Since 1969, Australian women have been legally entitled to the same pay as men for the same work, but a report released in March found that every single industry in Australia has a pay gap that favours men. On average, women earned 21.8% less than men in 2024 — approximately 78 cents to every $1.
To understand why this is still happening, we need to examine how this data is collected. Since the institution of the 2012 Workplace Gender Equality Act, any business with more than 100 employees has to report their gender equality data to the Workplace Gender Equality Agency (WGEA) each year. This includes base salary, overtime, bonuses and additional payments for private sector employees, as well as annualised full-time equivalent salaries of casual and part-time workers.
Ironically, the worst offender in 2024 was Sydney Ultrasound for Women, which showed an 88% gender pay gap, making the average pay of female employees just 12 cents to every $1 earned by a male employee.
So if women legally have to be paid the same amount as men for the same work, where is the pay gap coming from?
In short, women and men are not doing the same jobs, for a variety of reasons. Women are far less likely to receive promotions than men, creating a hierarchy where top-paying positions of power within an industry are held mostly by men. For instance only 19% of Australian CEOs are women, despite women being half the total workforce.
It’s easy to assume that women-led fields would escape the gender pay gap through sheer force of numbers, but fields like education (which has a gap of 11%) and healthcare (21%) repeat the same gendered hierarchy as every other industry in Australia.
Therefore, although these fields are sometimes referred to as “female-dominated” because of the number of female employees, in reality they are “dominated” by men in the higher-paying positions of power.
Even when women do achieve senior roles, the pay gap actually widens: the average gap for managerial roles is 23% (as opposed to 19% for non-managerial roles), presumably because men are more likely to receive discretionary payments such as bonuses.
“Female-dominated” fields generally pay less overall than “male-dominated” fields, for a few key reasons. The first is that work that’s seen as traditionally feminine (particularly care work, like nursing, childcare, and disability support work) is valued less than traditionally masculine work such as trades or finance. We’re left with a chicken-and-egg question here: do women just naturally go into fields that pay less, or do fields pay less when women make up the majority of employees? Place your bets now.
The answer is disappointing, but unsurprising. A 2009 study found that as the population of women in a particular workforce increased, the pay decreased. For example, at the beginning of the 20th century, women made up less than half of Australian teachers. As the proportion of female teachers increased through the 1920s and overtook male teachers in the 1930s, Australian educators took pay cuts of 8.3% and 25% from successive governments.

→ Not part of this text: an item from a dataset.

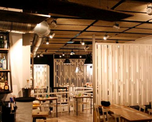 Diventa fondamentale quindi intervenire per risolvere definitivamente la problematica acustica. Questi elementi in lana di legno pendenti dal soffitto offrono una soluzione valida e creativa.
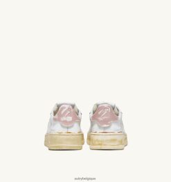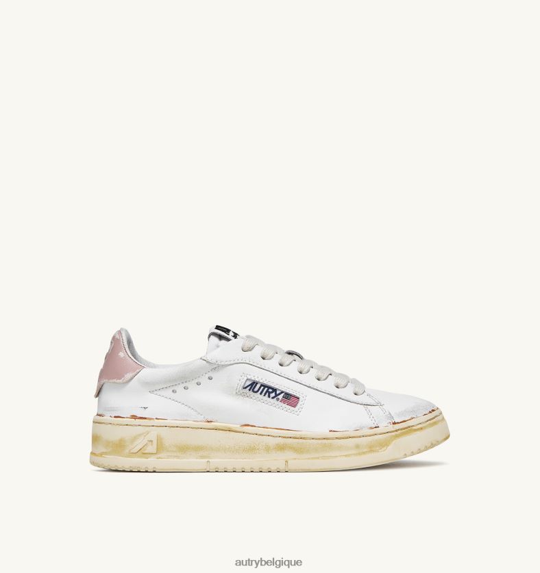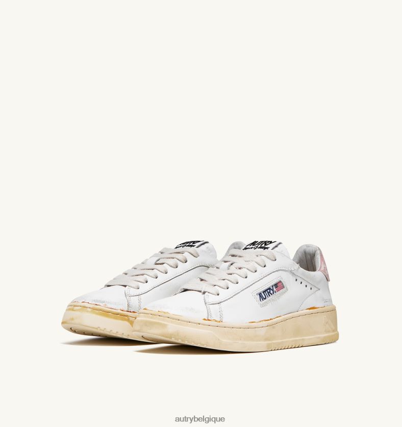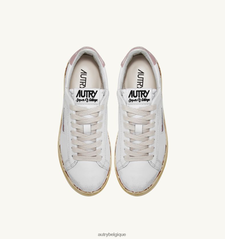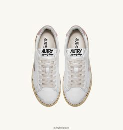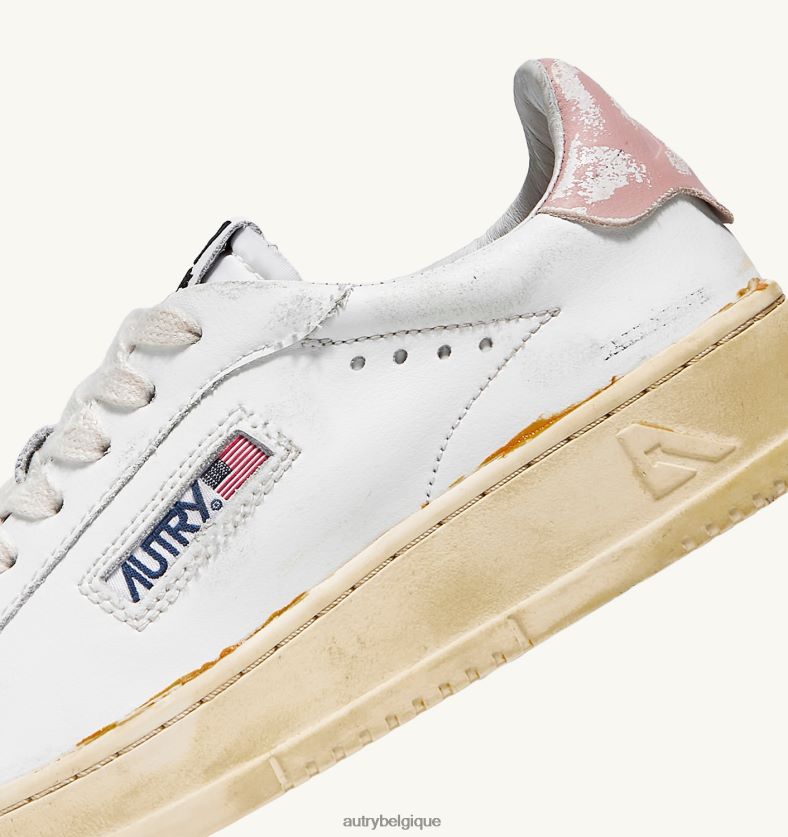 baskets dallas low vintage collés en cuir blanc et rose poudré femmes belgique Autry N0XLH0262

The same devaluation phenomenon has been observed in every industry that has undergone this change. Short version: work is valued less when women are the ones doing it.
The second key reason “female-dominated” fields pay less is that women are more likely than men to work part-time or casual, in large part because women still take on the majority of unpaid domestic labour, including housework and childcare. This type of labour is unpaid and underappreciated for the same reason education and nursing salaries have plummeted in the last century. When women do it, it’s viewed as less valuable.

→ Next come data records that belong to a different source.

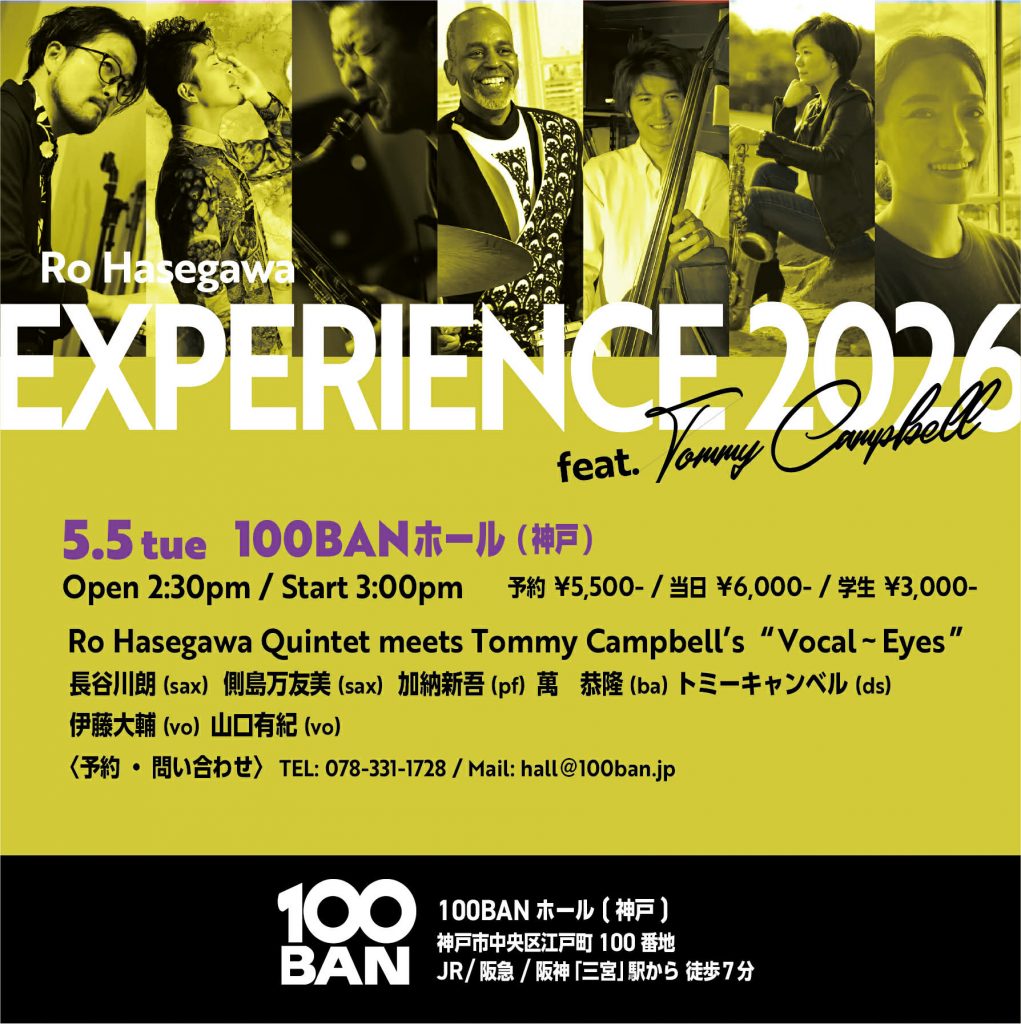 — サックス奏者・長谷川朗が至宝のドラマー、トミー・キャンベルを迎えてのスペシャルツアー、最終日の神戸公演はヴォーカリスト2人のプロジェクト”Vocal-Eyes”! —
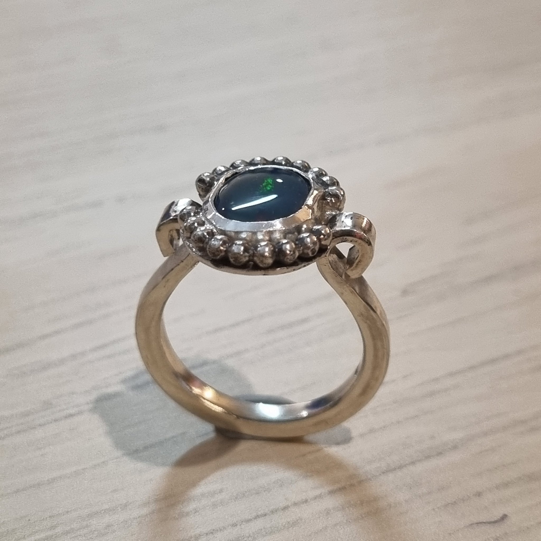 • Load image into Gallery viewer, Lightning Ridge Opal & Sterling Silver Ring
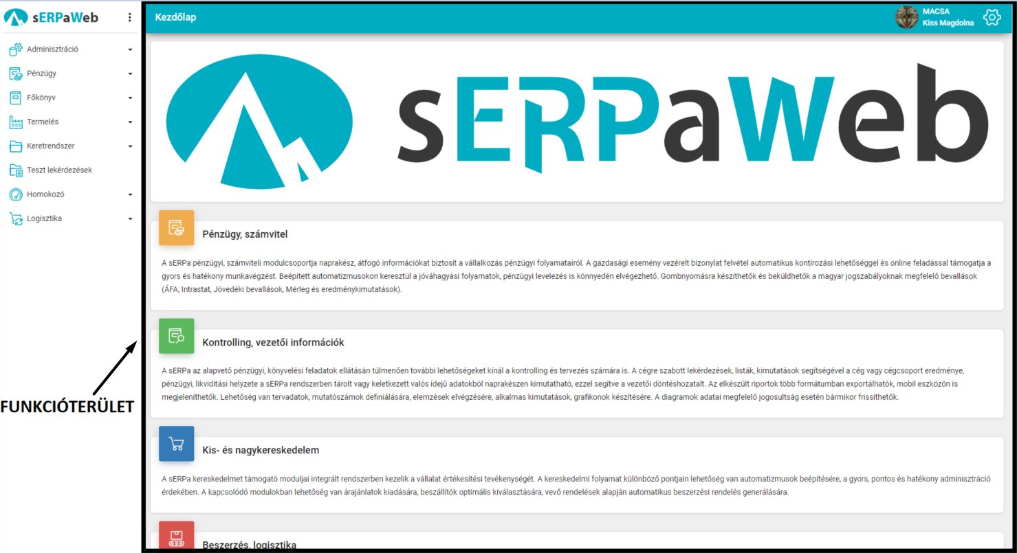 A funkcióterület a fejléc alatti, főmenü melletti rész. Itt találhatóak a különböző főmenü funkciók által elérhető tartalom, ugyanakkor itt tudjuk azokat effektíven használni is.
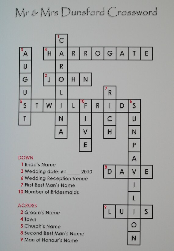 Printable Mr Mrs Crossword Poster Personalised Etsy
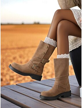 Damen-Wadenstiefel aus Wildleder mit Schnallenriemen, lässiger Retro-Stil, bequeme Schuhe mit niedrigem Absatz für urbane Streetwear und Alltagsoutfits
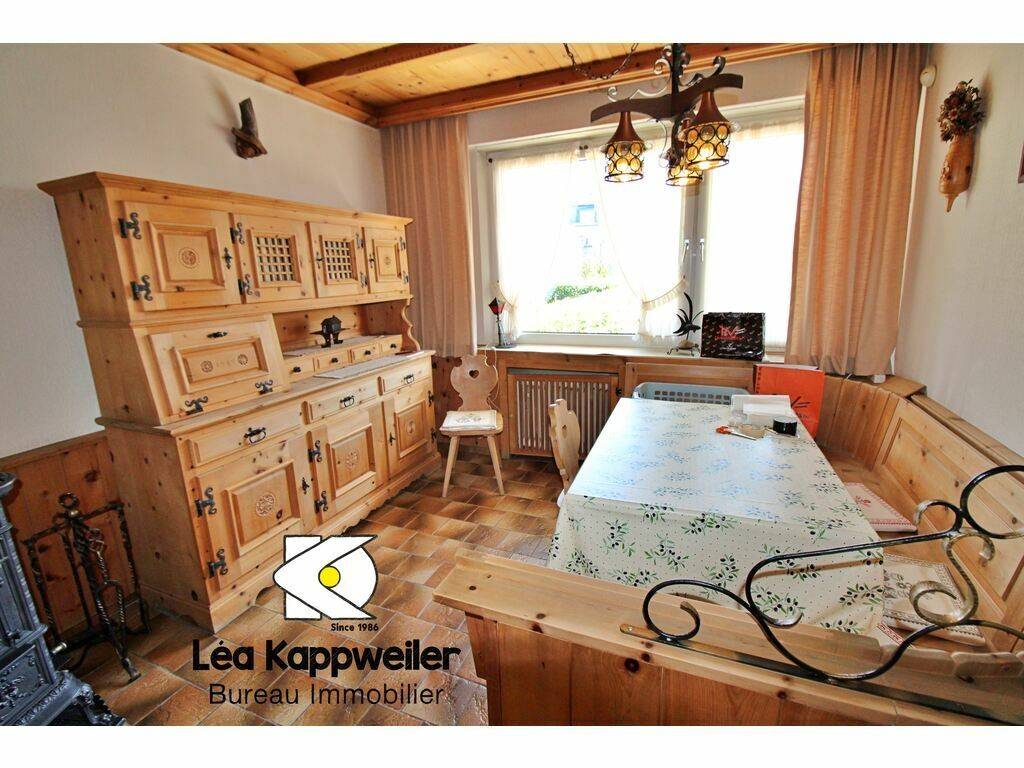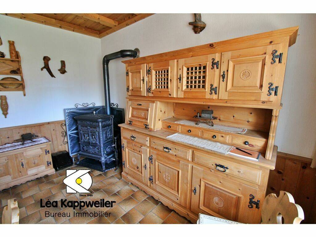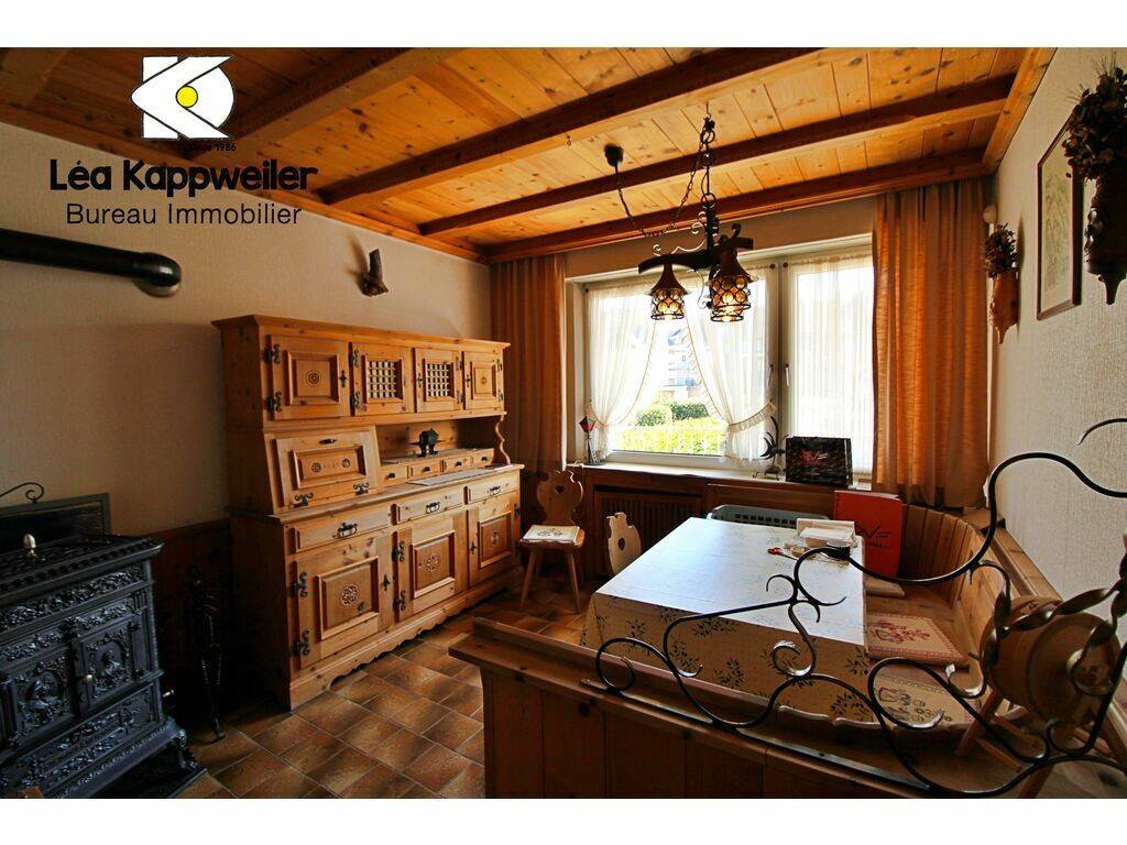 Bavarian-style custom-made living room with buffet, ceiling, dining table, corner bench and chairs, brown tiled floor, cast iron stove

I promise there is some good news.
We have seen an increase in the pay gap of 0.1% since last year, but this is likely because the salaries of chief executive roles were added to this year’s WGEA data for the first time. CEO roles are generally the highest-paying roles in a company and mostly held by men, so we would expect adding them to the report for the first time to widen the gender pay gap. But if we exclude CEO pay, we would actually see an improvement over the last year, from 21.7% down to 21.1%. More than half of Australian employers improved their pay gap in the last year.
It also seems that WGEA data being made public for the first time in 2023 helped motivate companies to improve their pay gaps, with more employers conducting pay gap analysis (68%) than ever before. Evidently, holding companies accountable is the first step to making actual improvements in achieving equal pay. To hold them accountable, we need to stay up to date on what the pay gap looks like in Australia, both by looking at annual data from the WGEA and Australian Bureau of Statistics. Most of all, we must listen to women when they share their experiences of workplace discrimination.